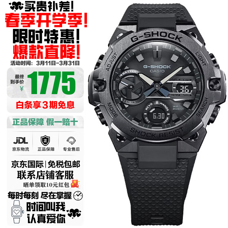卡西欧(CASIO)王一博明星同款太阳能多功能蓝牙连接对时运动手表男情人节礼物 钢铁黑暗之心GST-B400BB-1A
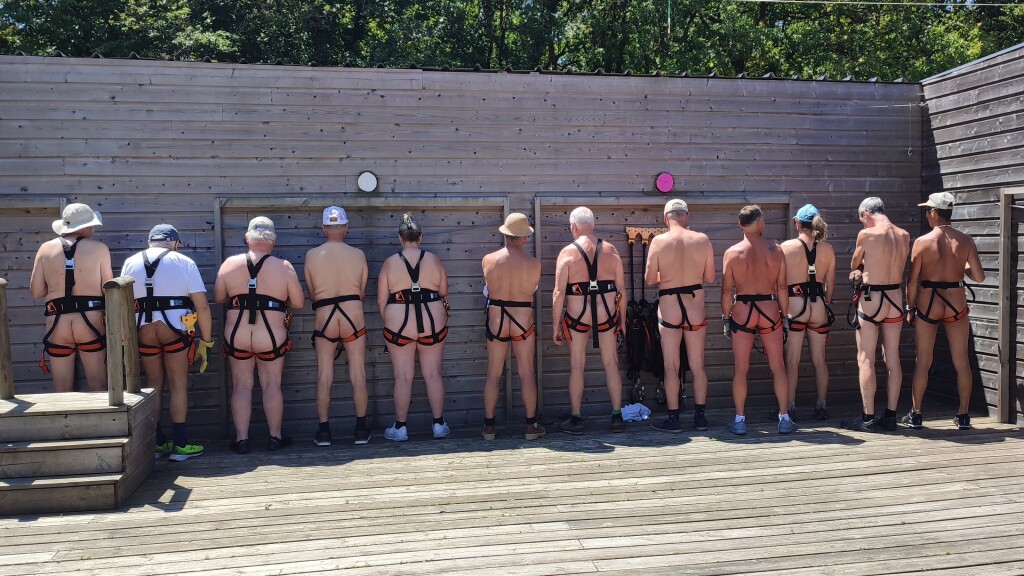 Nous voilà équipés, comme disent certains, comme les danseuses du Crazy Horse. C'est vrai que ça fait un peu bizarre. Il y a deux types de baudrier, avec et sans bretelles, et on a l'impression que ceux avec bretelles sont un peu plus comfortables sur un corps nu que les autres, mais quoi qu'il en soit ça se passe très bien, pas besoin de se protéger par un T-shirt, sauf peut-être pour les tyroliennes dites "rapides", mais personnellement je n'étais pas de ce côté-là.
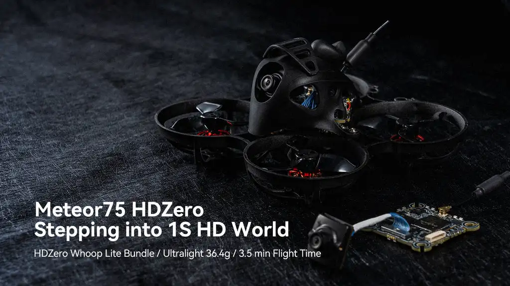 Stepping into HD world with 1S whoop quadcopter! The classical Meteor75 Brushless Whoop Quadcopter comes with Walksnail Avatar Mini HD VTX or HDZero Whoop Lite Bundle, bringing conspicuous images and exceptional visuals to your eyes and capturing details that make the footage look as exciting as the flight. Together with 1102 18000KV motors that feature strong propulsion, it gives pilots powerful and impressive results. Enjoy an immersive flight experience, and get the perfect shots with the new HD VTX system indoors and outdoors.
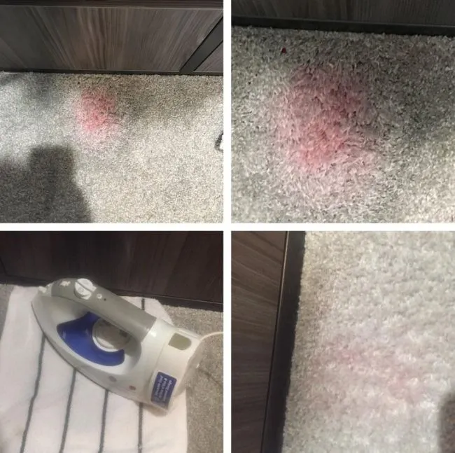 -เปิดเตารีด-ผสมแอมโมเนียและน้ำร้อนในสัดส่วน 1: 1 ในขวดสเปรย์ เขย่าส่วนผสมเพื่อรวมส่วนผสมเข้าด้วยกัน-ฉีดส่วนผสมลงบนรอยเปื้อนใส่ผ้าขนหนูด้านบนแล้วกดด้วยเตารีดร้อน-ย้ายเตารีดไปวางบนผ้าเช็ดตัว ตรวจสอบดูว่ามีการลบคราบหรือไม่ ถ้าไม่ – พ่นส่วนผสมเพิ่มเติมคลุมด้วยผ้าขนหนูและทำตามขั้นตอนต่อไปด้วยเตารีด-ทำซ้ำหลายครั้งโดยใช้ผ้าขนหนูใหม่ – อาจใช้ผ้าขนหนู 2-3 ผืนเพื่อลบคราบ

◆ **Task item**
I would like the material repeated in full and exactly, with its images omitted.

◆ **Result**
卡西欧(CASIO)王一博明星同款太阳能多功能蓝牙连接对时运动手表男情人节礼物 钢铁黑暗之心GST-B400BB-1A
 Nous voilà équipés, comme disent certains, comme les danseuses du Crazy Horse. C'est vrai que ça fait un peu bizarre. Il y a deux types de baudrier, avec et sans bretelles, et on a l'impression que ceux avec bretelles sont un peu plus comfortables sur un corps nu que les autres, mais quoi qu'il en soit ça se passe très bien, pas besoin de se protéger par un T-shirt, sauf peut-être pour les tyroliennes dites "rapides", mais personnellement je n'étais pas de ce côté-là.
 Stepping into HD world with 1S whoop quadcopter! The classical Meteor75 Brushless Whoop Quadcopter comes with Walksnail Avatar Mini HD VTX or HDZero Whoop Lite Bundle, bringing conspicuous images and exceptional visuals to your eyes and capturing details that make the footage look as exciting as the flight. Together with 1102 18000KV motors that feature strong propulsion, it gives pilots powerful and impressive results. Enjoy an immersive flight experience, and get the perfect shots with the new HD VTX system indoors and outdoors.
 -เปิดเตารีด-ผสมแอมโมเนียและน้ำร้อนในสัดส่วน 1: 1 ในขวดสเปรย์ เขย่าส่วนผสมเพื่อรวมส่วนผสมเข้าด้วยกัน-ฉีดส่วนผสมลงบนรอยเปื้อนใส่ผ้าขนหนูด้านบนแล้วกดด้วยเตารีดร้อน-ย้ายเตารีดไปวางบนผ้าเช็ดตัว ตรวจสอบดูว่ามีการลบคราบหรือไม่ ถ้าไม่ – พ่นส่วนผสมเพิ่มเติมคลุมด้วยผ้าขนหนูและทำตามขั้นตอนต่อไปด้วยเตารีด-ทำซ้ำหลายครั้งโดยใช้ผ้าขนหนูใหม่ – อาจใช้ผ้าขนหนู 2-3 ผืนเพื่อลบคราบ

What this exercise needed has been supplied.